Place du 13 mai, les blindés ont disparu. À leur place : une scène, Thiera Kougar et des duels de danse. Les pick-ups militaires ont cédé le terrain aux rythmes et aux verres levés.
« C’est pour célébrer le mouvement que la Gen Z a commencé. « Avant, on se faisait arrêter. Maintenant, on peut parler. » Fenitra Razafindramanga, 26 ans, capitaine de l’équipe nationale de rugby, célèbre ce droit retrouvé. Il est l’un des centaines de fêtards réunis dans la capitale.
– 22 morts dans les manifestations Gen Z –
Selon l’ONU, les manifestations ont fait au moins 22 morts et une centaine de blessés. Lancé par le collectif Gen Z, le mouvement dénonçait les coupures d’eau et d’électricité. Il s’est mué en contestation générale contre les dirigeants malgaches.
« On s’inquiète de la suite mais on savoure ce premier combat gagné qui nous a donné de l’espoir. « On continuera de se battre. » Fenitra Razafindramanga, chapeau Gen Z vissé sur la tête, ne lâche rien. Ancienne manifestante, elle incarne la persistance d’un mouvement né dans la rue.
La préoccupation locale fait écho à l’alerte internationale. Mercredi, l’Union africaine a suspendu Madagascar de ses instances, avec effet immédiat. Le signal est clair : la rupture institutionnelle inquiète au-delà des frontières.
Le nouvel homme fort de l’île a promis des élections dans 18 à 24 mois et assuré mercredi préparer un « processus de consultation pour trouver un Premier ministre le plus vite possible ».
En attendant, une cour s’est réunie à la direction du Capsat mercredi. Des représentants de collectif de jeunesse, de la société civile ou d’organisation religieuse ont été reçus. D’autres visiteurs ont patienté des heures dans l’espoir d’une audience ou pour afficher une visite de courtoisie.
– La Gen Z soutient l’armée –
Critique de longue date du pouvoir d’Andry Rajoelina, le colonel Randrianirina avait été emprisonné plusieurs mois à partir de novembre 2023 pour incitation à la mutinerie en vue d’un coup d’État, selon des informations de presse.

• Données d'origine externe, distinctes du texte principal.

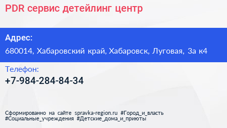 PDR сервис, детейлинг-центр по адресу 680014, Хабаровский край, Хабаровск, Луговая, 3а к4 в дальнейшем Организация, размещена в следующих категориях: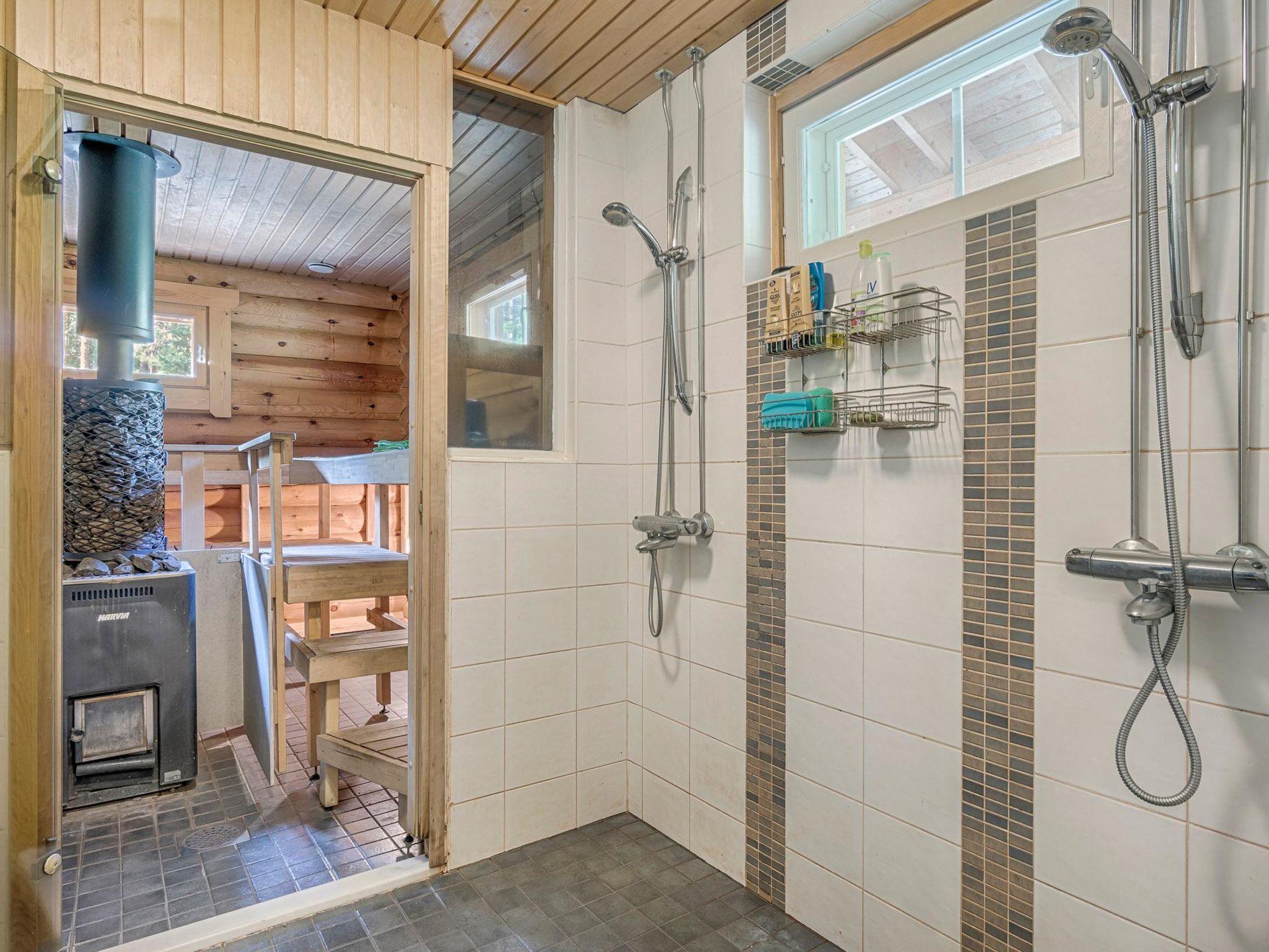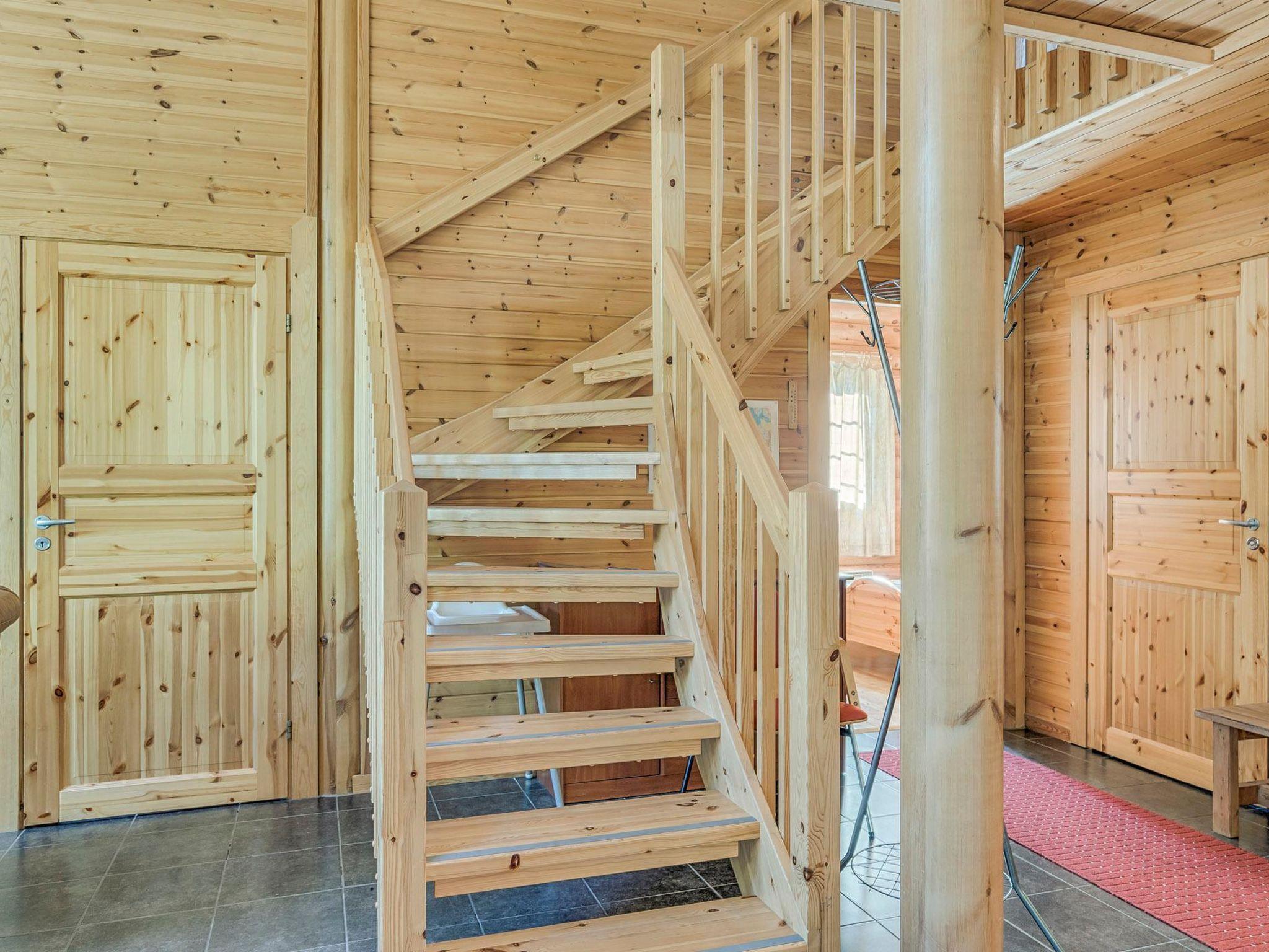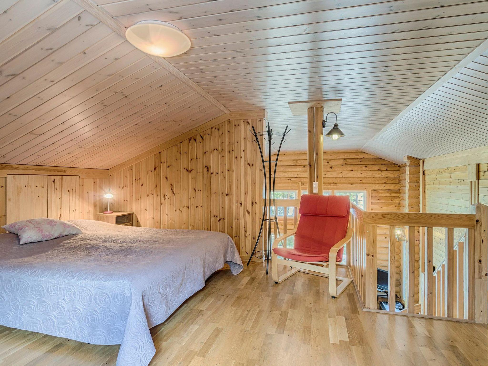 Round-log cottage 2008, living room/kitchen heat-storing fireplace. Downstairs: bedroom 2 beds, bedroom 2 beds. Upstairs: sleeping loft 2 beds, hall and open porch. Sauna in the same building, dressing room, washroom, sauna has underfloor heating and 2 showers. Toilet dowstairs and upstairs.

La présidence a dénoncé « un acte clair de tentative de coup d’État » et souligné qu’Andry Rajoelina, exfiltrée par un avion militaire français d’après RFI, « reste pleinement en fonction ».
Le secrétaire général de l’ONU, par la voix de son porte-parole Stéphane Dujarric, s’est dit « profondément préoccupé par le changement inconstitutionnel de pouvoir à Madagascar ».
La France, l’ex-puissance coloniale, a jugé mercredi « essentiel que la démocratie, les libertés fondamentales et l’État de droit soient scrupuleusement préservés ».
Le mouvement Gen Z mené par les jeunes, qui a initié les manifestations à partir du 25 septembre, a salué l’intervention du colonel Randrianirina.
Andry Rajoelina, réélu lors d’un scrutin contesté en 2023, était arrivé une première fois au pouvoir en 2009 à la faveur d’un coup d’État soutenu par l’armée, dénoncé par la communauté internationale. Celle-ci avait gelé l’aide étrangère et les investissements pendant près de quatre ans.
Madagascar a une longue histoire de soulèvements populaires suivis de la mise en place de gouvernements militaires de transition.
Au moins 80% des 32 millions d’habitants de Madagascar vivent avec moins de 15 000 ariary par jour (2,80 euros), le seuil de pauvreté fixé par la Banque mondiale.